1 Milltown Street, Milltown, Warrenpoint, Newry, Co Down, BT34 3PS is a Grade B1 listed building in the Newry, Mourne and Down local planning authority area, Northern Ireland. First listed on 22 September 1981.
1 Milltown Street, Milltown, Warrenpoint, Newry, Co Down, BT34 3PS
- WRENN ID
- silent-transept-evening
- Grade
- B1
- Local Planning Authority
- Newry, Mourne and Down
- Country
- Northern Ireland
- Date first listed
- 22 September 1981
- Source
- NI Environment Agency listing
Description
1 Milltown Street, Milltown, Warrenpoint
A Tudor-Picturesque house built between 1880 and 1899, set in a mature garden on the east side of Milltown Street. The building occupies a site previously used by a school belonging to the Church Education Society from the mid-1800s until around 1888. The new house appears to represent a fresh construction rather than an adaptation of the school building, though some elements such as windows may have been incorporated from the earlier structure. This is evidenced by the differing plan forms shown on the 1860 and 1901-02 Ordnance Survey maps, and the first record of a house on the property appearing in the Valuation Revision book in 1888.
The house is one and a half storeys arranged over three bays, with a rear return. The steeply pitched natural slate roof is aligned north-south with boxed eaves, cusped timber bargeboards, and exposed purlin tails to the end gables. Half-round metal rainwater goods complete the roofline. Between the central and left bays stand a pair of tall rendered chimneysstacks with concrete coping, set at angles on a common rendered base.
The walls are cement-dashed with a smooth rendered basecourse. The principal elevation faces west and features a gabled central porch with roof detailing that matches the main house roof, tied into its front pitch. The porch front is smooth rendered with the main entrance in a plain rectangular opening. The reproduction door is four-panelled with the top two panels glazed and the bottom two bolection-moulded, flanked by narrow four-paned sidelights. The gable apex is smooth rendered with three raised render verticals mimicking half-timbering and creating four panels. The cheeks of the porch are blank.
To the left and right bays of the façade are single rectangular landscape-format window openings with smooth rendered architraves and granite cills. Each contains three timber lattice casements with shallow Tudor-arched heads.
The left (north) and right (south) elevations are identical in treatment. The front and rear walls advance to stand flush with the overhanging eaves, thereby creating recessed gable walls. Both side elevations have a ground-floor window matching those on the façade, and to the upper-floor apex is a 2-by-2 vertically divided sliding sash window.
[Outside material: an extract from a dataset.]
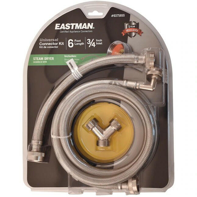 The Eastman steam dryer hoses feature superior performance for a reliable leak-free connection use after use. They can withstand full flow and high pressure, preventing kinking and crimpling. These flexible hoses are built with top-quality braided stainless steel, designed not to burst. The inside is designed with a non-toxic PVC core, a multi-filament braided nylon reinforcement, and a clear vinyl outer shell for durability. Made Right. Made to Last. Includes (1) 6-foot fill hose with 3/4-inch FHT connection and a 90-degree elbow, (1) 1-foot hookup hose with 3/4-inch FHT connection, and (1) Y adapter.

The apex is rendered as the porch.
The rear (east) elevation is abutted at its centre by a wide rear return. The exposed right section of the rear wall is blank, while the exposed left section has a rectangular window opening containing a pair of Tudor casements.
The rear return has a pitched natural slate roof aligned west-east, which ties into the rear pitch of the main roof. It carries a cast-iron skylight on its south pitch and a small modern flue pipe on its north pitch, both with modern ventilators. Gabled dormers to the centre of each pitch have bargeboards detailed as the main roof and each contains a 2-by-2 sliding sash window with matching 1-by-1 sidelights; the cheeks are blank.
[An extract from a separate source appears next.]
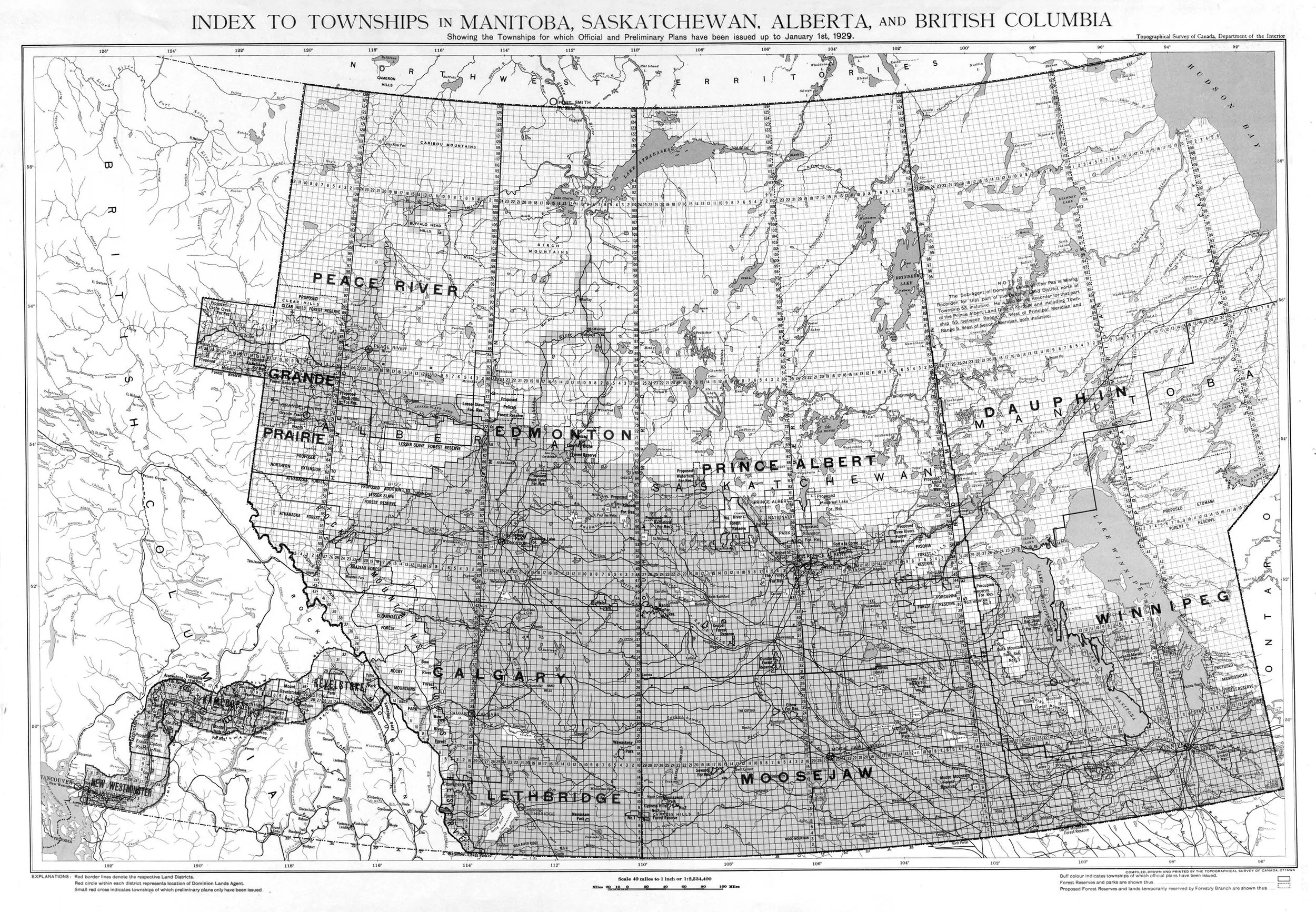 Map showing the townships for which official and preliminary plans were issued up to 1 January 1929.

The slightly recessed gable wall of the return has a window (as those to the dormers) set to ground-floor right. Above at upper-floor level are a 2-by-2 sliding sash window and a 1-by-1 sliding sash window to its left, each with concrete cill. The right (north) cheek of the return has a pair of modern glazed doors. The left (south) cheek has a small windbreak porch to centre under a cat-slide of the main roof, with a half-glazed door as the front door and blank cheeks flanked left and right by Tudor lattice casement windows.
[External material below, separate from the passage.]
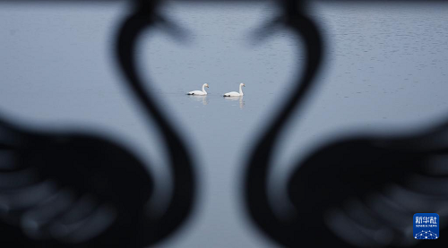 12月20日,游客在河南省三門峽市天鵝湖國家城市濕地公園觀賞天鵝。(新華社發(fā) 何五昌 攝)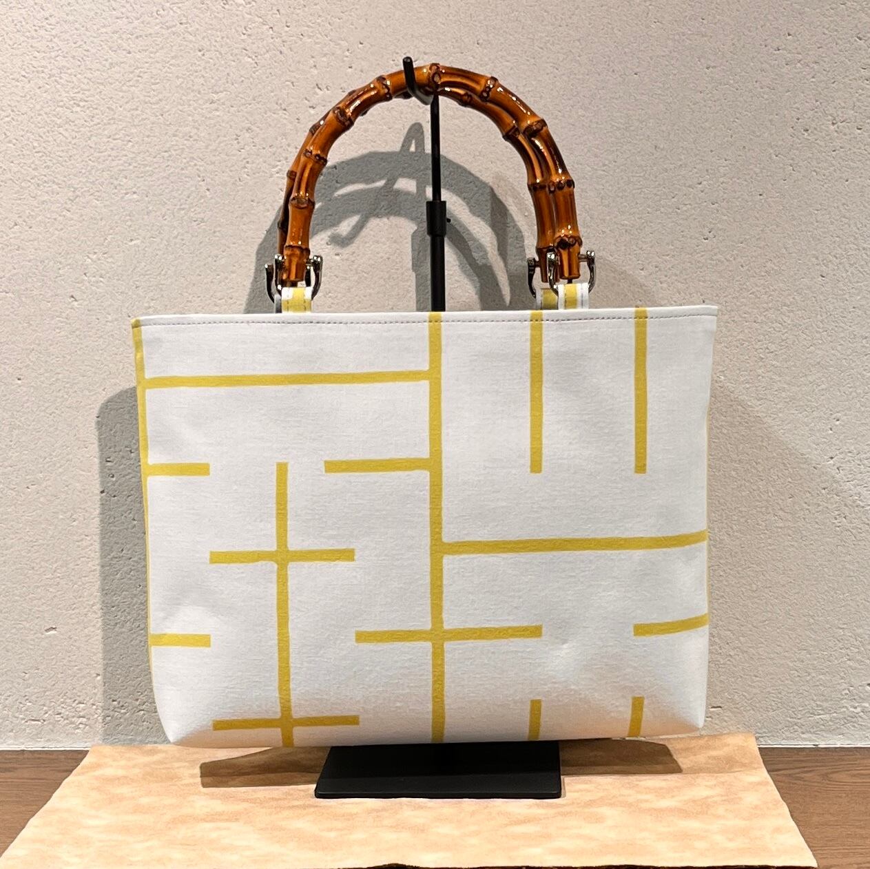 竹持手バッグ横型 #端(白色地に柳色柄)

The mature garden setting contains a small modern shed and a larger garage to the southeast of the house. Both are constructed in rubble stone with pitched natural slate roofs. The garden is enclosed to north, west, and south by Milltown Street and the Donaghaguy Road, and rises to the east where the house is situated. The boundary to the east adjoins an adjacent house. A rubble stone wall encloses the garden to the west, continuing to Donaghaguy Road as a modern rubble stone wall which sweeps inwards to the drive at the south. The drive is entered through a pair of modern timber gates supported on plain timber posts.